Greater Harrisburg's Community Magazine

Harrisburg to absorb new costs of recycling starting in 2019.

Penn Waste employees sort recycled material at the company’s Materials Recovery Facility in York County. Harrisburg will start paying $40 per ton of recycled goods it sends there in 2019, up from $0 per ton in 2018. (Photo courtesy of Penn Waste.)

Disruptions in the global recycling market mean that Harrisburg will start paying a new fee for single-stream recycling in 2019, but ratepayers won’t see any changes to their municipal waste bills.

Beginning in January, Harrisburg will pay trash collector Penn Waste $40 for each ton of recycled paper and plastic taken to its materials recovery facility (MRF), where refuse is sorted, baled and prepared for export.

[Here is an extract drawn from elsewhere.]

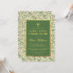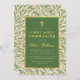 Cette élégante invitation à la première communion botanique, sans distinction de genre, a un motif feuille vert saule dans l'arrière - plan et sur le dos. Le texte est dans un rectangle vert qui a des bordures de feuille d'or faux. Il y a une (fausse) croix d'or au-dessus du texte. Tout le texte peut être personnalisé et a une couleur dorée semblable au cadre doré. Le nom est écrit dans un élégant script calligraphique, le reste en casquette. Le motif arrière - plan vintage est un motif de papier peint du 19e siècle de William Morris (1834 - 1896), appelé "Willow Bough", composé de branches de saule avec des feuilles verts, maintenant dans le domaine public.

City Council will get its first look at the new contract with York County-based Penn Waste at a legislative session tonight.

They’ll also hear Mayor Eric Papenfuse present the first draft of the city’s 2019 budget, which will include a new, $400,000 expenditure item for recycling services, he said.

Harrisburg has used Penn Waste’s recycling facility since 2014 but did not previously pay for recycling.

Due to recent trade disputes with China, however, consumers across the country are now paying for a service that waste management companies traditionally offered for free.

As the world’s largest importer of recycled goods, China took the American waste industry by surprise earlier this year when it announced a temporary ban on all American imports, claiming that they contained too many contaminants — non-recyclable plastics and food waste that made their way into recycling bins.

The country later imposed new contaminant standards that all but disqualified American recyclables from import.

The announcement led to a meltdown in the American recycling industry, as waste companies began hemorrhaging money on a previously profitable service.

Until last year, the revenues from exporting recycled waste always exceeded the cost of transporting, processing and packaging it, Jim Warner, co-CEO of the Lancaster County Solid Waste Management Authority (LCSWMA), told TheBurg in May. This allowed municipalities, including Harrisburg, to haul away residents’ recyclables without charging them.

But the new Chinese contaminant standard closed the United States out of the largest and most profitable market for recycled goods.

Penn Waste recouped some of its loses this spring by imposing a sustainability fee on its commercial accounts. It also announced it would renegotiate municipal contracts as they expired.

Penn Waste spokesperson Amanda Davidson said today that municipal recycling charges are now commonplace throughout the country.

Many cities will likely pass the new costs on to residents, who could see increased waste bills in the new year. Harrisburg is a rare exception.

The city already pays $190 per ton to dispose of waste at the Harrisburg incinerator, which it sold to LSCWMA in 2013.

That fee, which is the highest in the region due to terms of the incinerator’s sale, will increase to $195 in 2019 per Harrisburg’s contract with LCSWMA.

Since Harrisburg’s tipping fees are so high, the city has an incentive to divert as much waste as possible into recycling streams, Papenfuse said.

The $40 tonnage fee that Harrisburg will pay to Penn Waste is still much lower than the cost of dumping waste at the incinerator. As a result, the city will absorb the new recycling costs without passing any fees on to residents.

The city will defray its $400,000 recycling budget with grants from the state Department of Environmental Protection, Papenfuse said. Any remaining expenditures will come from the neighborhood services fund.

City Council will meet in its chambers at the MLK Government Center at 6 p.m. tonight to hear the mayor’s budget full presentation.